Deuteronomy 21:18-21 calls for the public stoning of “stubborn and rebellious” children—and we’re talking living, breathing, possibly even adult children here. So what becomes of the rather petty question “What would have happened had the mothers of Washington, Lincoln, and Edison had an abortion?” Think about it: What would have happened had the mothers of Mozart, Einstein, and George W. Bush followed Deuteronomy to the letter?

In the history of the Christian church, to my knowledge, there exists no general tradition of holding funerals for miscarriages—though I am aware that individuals have deeply mourned these losses, usually in private, sometimes with some attempt at an unofficial religious ritual. But (and you may correct me on this) funeral rites for fetuses (or sperm) have not played a significant role in the Christian liturgy.

For that matter, church registers traditionally recorded births as auspicious events, not pregnancies, though high infant-mortality rates 100 or more years ago might have dampened whatever enthusiasm the old-time religionists would have felt in presumptuously celebrating conception. The sacraments didn’t start until after birth. Naming was usually reserved for breathing infants—even premature births were rarely named. The unborn were not counted in censuses and population tallies.
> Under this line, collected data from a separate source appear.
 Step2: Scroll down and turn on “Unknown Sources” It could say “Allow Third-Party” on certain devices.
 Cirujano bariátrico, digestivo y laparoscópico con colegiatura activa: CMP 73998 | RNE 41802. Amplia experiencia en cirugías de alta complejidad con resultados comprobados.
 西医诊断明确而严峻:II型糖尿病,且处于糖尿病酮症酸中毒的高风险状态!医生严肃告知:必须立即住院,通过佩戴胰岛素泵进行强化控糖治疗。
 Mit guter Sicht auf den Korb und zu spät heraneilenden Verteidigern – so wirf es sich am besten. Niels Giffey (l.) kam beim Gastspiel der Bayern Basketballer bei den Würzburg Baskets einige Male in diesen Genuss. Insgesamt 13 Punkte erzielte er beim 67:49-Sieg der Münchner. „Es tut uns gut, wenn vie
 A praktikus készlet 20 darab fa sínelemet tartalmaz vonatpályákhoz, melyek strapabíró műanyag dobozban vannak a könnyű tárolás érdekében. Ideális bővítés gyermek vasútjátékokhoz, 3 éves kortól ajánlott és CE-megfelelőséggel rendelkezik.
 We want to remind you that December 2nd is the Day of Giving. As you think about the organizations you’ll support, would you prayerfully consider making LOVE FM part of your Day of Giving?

On what, then, do modern Christians, mainly Catholics and evangelicals, base their claims that abortion violates their religious beliefs—much less the Constitution of the United States of America?
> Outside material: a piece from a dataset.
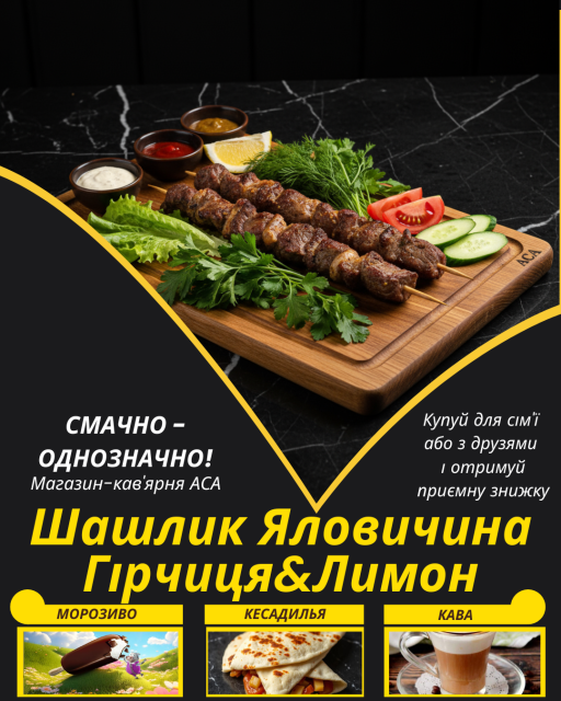Соковитий Шашлик Яловичина Гірчиця&Лимон, замаринований в спеціях, та приготований з любов'ю до людей і до своєї справи – тут є все для естетичного та гастрономічного задоволення.
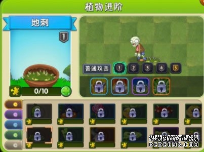 13、地刺,能扎破滚动的物件并且对踩到的僵尸造成伤害,种植花费100阳光,技能为对一条支线的僵尸造成大量伤害。

For myself, a gay middle-aged male with no interest in procreation (or adoption), I admit to being squeamish over the topic of abortion. Kodachrome photos of bloody fetuses in trash pails appall me. I physically recoil from them—but, then, I do much the same with pictures of tonsillectomies, liposuction, and spinal surgery, without thus reaching the conclusion that all gross-looking and distasteful medical procedures should be banned.
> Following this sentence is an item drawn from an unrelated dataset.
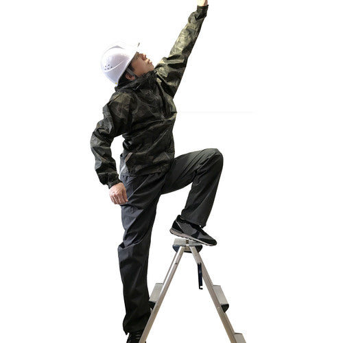 カタログ品番:7570-45-L 特長:●動きやすいストレッチ素材を使用したレインウェアです。●晴れた日にはウインドブレーカーとして快適に着られます。●袖口調節タブで雨の浸入を防ぎます。●安全性を高める背面リフレクター付きです。 用途:●雨天時の作業・レジャーなどあらゆる用途に。 仕様:●色:ブルーカモ●サイズ:L●身長(cm):170〜180●胸囲(cm):90〜98●耐水圧:10000mm以上●着丈(cm):71●適合身長(cm):170〜180●胸幅(cm):56●頭周り(cm):54●透湿度:5000g/[[M2]]・24hrs●耐水圧:10000mm以上 材質/仕上:●ポリエステル100%(TPUラミネート) 注意:●上下別売りです。

Even more, on moral principle I have reservations about abortion as mere birth control—I am, thus, more romanticist than pragmatist or dogmatist. I like, even revere life—though on occasion I eat dead animals, stomp on hornets that inadvertently (through no fault of their own) enter my home, and do not particularly fear the inevitability of death. (I also, routinely, commit the sin of Onan.) More to the point, I am not altogether opposed to war—which may be, though rarely is, logically and ethically justified—or to killing, when unavoidable, any human who poses an immediate deadly or maiming or despotic threat to other humans.

Still, the taking of a human or even just potentially human life—through war, vengeance, or euthanasia—strikes me as being solemn business—a painful choice that fortunately I have not had to make. Such decisions should be made through constitutional means if we are talking about war or capital punishment. And, in keeping with the spirit of the Bill of Rights, when we are talking about a woman’s ownership of and responsibility for her body—and its contents—these decisions should be made by the woman alone, on the best advice and counsel and by the most safe and humane means that can be made available to her.

So, apart from deliberate (or careless) misreading of their own scriptures and predispositions to self-righteous orneriness and busybody-ism, what exactly are the right-to-lifers’ religious or social interests in the issue of abortion? If they are in the Bible or church history, I have not seen them there.